● **Data excerpt**:
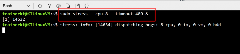 Step 18) Then run the following command. This command generates a CPU load on the virtual machine specifying 8 cpu hogs for a period of 480 seconds.
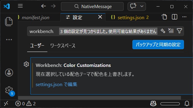 1.[設定]画面で “editorBracketMatch.foreground” を検索して表示された[Workbench: Color Customizations]の[settings.json で編集]リンクをクリックします。
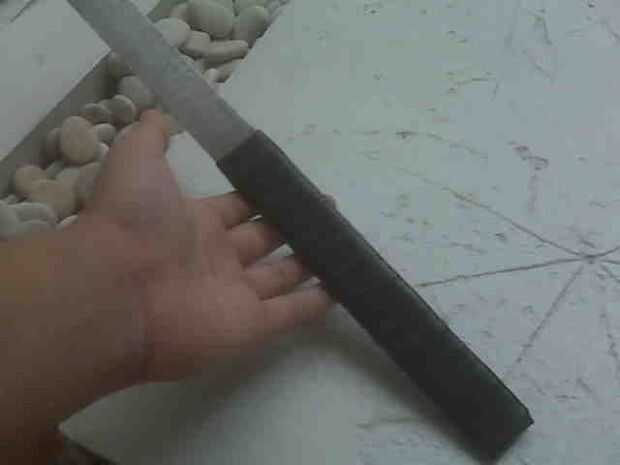 esto es un cuchillo de Nata-estilo rápido que hice hace cuatro días. He usado acero inoxidable ya que no tengo nada que no sea. Su no que bueno, sé, porque no era serio en hacer de este y es la razón por la que hice esto porque estaba aburrido. Lo sé, el mango es un poco demasiado largo para la hoja, pero como dije antes la única razón hizo esto es porque estaba aburrido.

● **Task prompt**:
Give back the whole listing exactly as it stands. Drop every picture.

● **Response**:
 Step 18) Then run the following command. This command generates a CPU load on the virtual machine specifying 8 cpu hogs for a period of 480 seconds.
 1.[設定]画面で “editorBracketMatch.foreground” を検索して表示された[Workbench: Color Customizations]の[settings.json で編集]リンクをクリックします。
 esto es un cuchillo de Nata-estilo rápido que hice hace cuatro días. He usado acero inoxidable ya que no tengo nada que no sea. Su no que bueno, sé, porque no era serio en hacer de este y es la razón por la que hice esto porque estaba aburrido. Lo sé, el mango es un poco demasiado largo para la hoja, pero como dije antes la única razón hizo esto es porque estaba aburrido.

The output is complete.